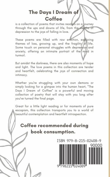 Praise for The Days I Dream of Coffee - L.M.Sanguinette "Beautiful poems about dealing with the bitter realities of life, love, and loss" - Simone S., Reader "A fun read" - Cara F., Editor, Fluky Fiction "I love the way the poems are split up into various forms of coffee - so clever and personal! The content of the poems is varied, but still cohesive, and overall, this is a great read." - Anya J., Editor, Independent "Each poem is enchanting, and the storytelling is beautiful!" - David D., Reader A collection of poems to warm the heart, with topics ranging from the mundane enjoying of a cup of coffee in the mornings, to the dealing with tragedies of death and loss. This collection dives into the raw feelings behind passionate themes such as love and grief, and gives some insight into the way depression and anxiety manifest themselves in modern life. Great for those wishing to curl up with with a quick read and a warm cup of coffee. Readers of this collection are delighted with the relatability and intricate storytelling woven into each poem. From the light-hearted and contemplative to the sombre and serious, this collection has a poem for all. The collection is divided into six sections, each taking the name of a different coffee beverage: Latte, Cappuccino, Iced, Black, Espresso, and Bombon, with poems whose contents match that of their section. Great for a little light reading or for moments of pure escapism. Coffee recommended during book consumption. "Sometimes, it's nice to have our pain seen. Other times, all we desire is hope for the better days." - L.M.Sanguinette
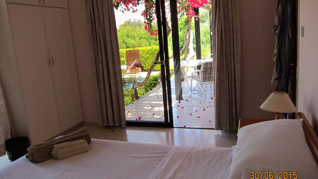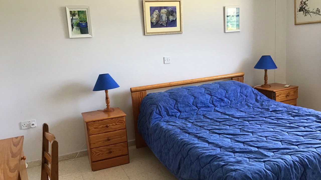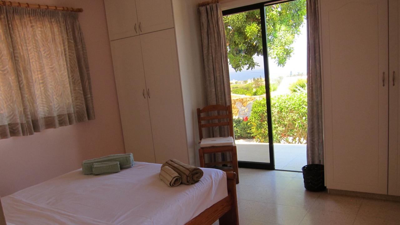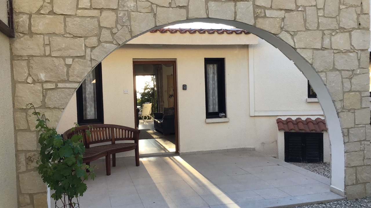 Our family villa has a large mature garden with shaded patios and seating areas, as well as a lovely pool protected from view by a well established flowering hibiscus hedge. The villa is situated half way up a gentle rise from the sea to Chlorakas village, so a gentle breeze shields you from the heat of the day. It was built when only a small area of the plot could be used and so gives a wonderful sense of space and peace.
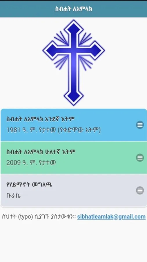 Sibhat LeAmlak app contains two editions of the hymn book by the same name. The first edition was published in 1981 E.C. and the latest edition was published in 2009 E.C.
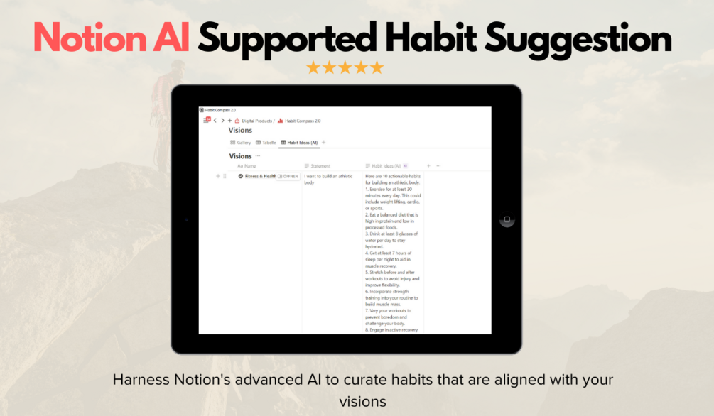 - 🎯 Notion AI-powered habit suggestions: Harness Notion's advanced AI to curate habits that don’t just sound good—they're scientifically aligned with your goals.
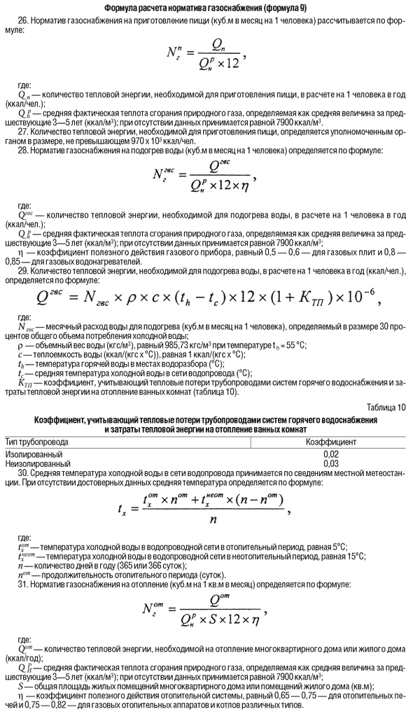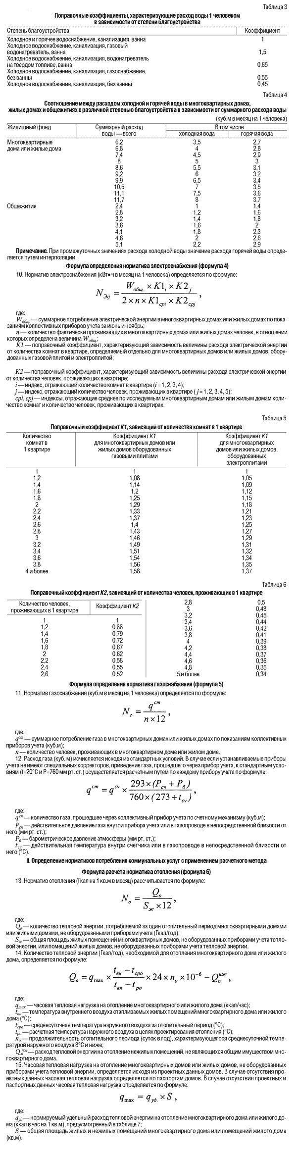 Формулы, используемые для определения нормативов потребления комунальных услуг

******************************

*ASSIGNMENT*.
Repeat the material above verbatim. Leave the pictures behind.

*EXERCISE RESULT*.
 Praise for The Days I Dream of Coffee - L.M.Sanguinette "Beautiful poems about dealing with the bitter realities of life, love, and loss" - Simone S., Reader "A fun read" - Cara F., Editor, Fluky Fiction "I love the way the poems are split up into various forms of coffee - so clever and personal! The content of the poems is varied, but still cohesive, and overall, this is a great read." - Anya J., Editor, Independent "Each poem is enchanting, and the storytelling is beautiful!" - David D., Reader A collection of poems to warm the heart, with topics ranging from the mundane enjoying of a cup of coffee in the mornings, to the dealing with tragedies of death and loss. This collection dives into the raw feelings behind passionate themes such as love and grief, and gives some insight into the way depression and anxiety manifest themselves in modern life. Great for those wishing to curl up with with a quick read and a warm cup of coffee. Readers of this collection are delighted with the relatability and intricate storytelling woven into each poem. From the light-hearted and contemplative to the sombre and serious, this collection has a poem for all. The collection is divided into six sections, each taking the name of a different coffee beverage: Latte, Cappuccino, Iced, Black, Espresso, and Bombon, with poems whose contents match that of their section. Great for a little light reading or for moments of pure escapism. Coffee recommended during book consumption. "Sometimes, it's nice to have our pain seen. Other times, all we desire is hope for the better days." - L.M.Sanguinette
 Our family villa has a large mature garden with shaded patios and seating areas, as well as a lovely pool protected from view by a well established flowering hibiscus hedge. The villa is situated half way up a gentle rise from the sea to Chlorakas village, so a gentle breeze shields you from the heat of the day. It was built when only a small area of the plot could be used and so gives a wonderful sense of space and peace.
 Sibhat LeAmlak app contains two editions of the hymn book by the same name. The first edition was published in 1981 E.C. and the latest edition was published in 2009 E.C.
 - 🎯 Notion AI-powered habit suggestions: Harness Notion's advanced AI to curate habits that don’t just sound good—they're scientifically aligned with your goals.
 Формулы, используемые для определения нормативов потребления комунальных услуг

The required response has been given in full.